Heracles:(He shakes his head violently)
You’re mad, you silly little bastard, you’re mad! You wouldn’t wanna go down there too!  You couldn’t!

Dionysus:
Drop the arguing. Just tell me the quick way I could get down there! To Hades!  And I mean the quick way… just skip all those roads that are too hot or too cold!

Heracles:
All right then… let me see… which one should I suggest first?  There’s the one where you’ll need a bench and a rope.you… hang yourself and… tsoof, you’re there!

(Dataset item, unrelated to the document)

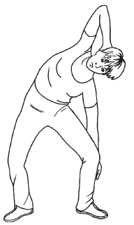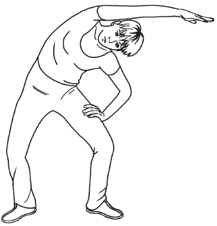 Из исходного положения выполните с максимально возможной для вас амплитудой наклон туловища влево. Почувствуйте растяжение косых мышц живота и задержитесь в этом положении на 30 секунд. Расслабьтесь и вернитесь в исходное положение. Выполните упражнение в другую сторону.
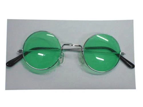 John Lennon’s signature round wire frames with a green lens. Imagine how good they’d look with your Beatles, 60s or 70s costume. Also work wonderfully as the green glasses worn in the Emerald City scenes in Wicked and the Wonderful Wizard of Oz!

Dionysus:(is repulsed by the thought)
Nanananananahhh! Toooo…. toooo hangy!

Heracles:
Well… there’s the shortcut… well worn, this one.  The mortar and pestle.

Dionysus:(He’s frightened by this one)
Ouch!  You mean the hemlock?

Heracles:
Exactly.

125
Dionysus:
Brrrrrr!   Nanananananananah! Too chilly!  Freezey weezy!  Chills your shins all the way up to your… (caresses his phallus)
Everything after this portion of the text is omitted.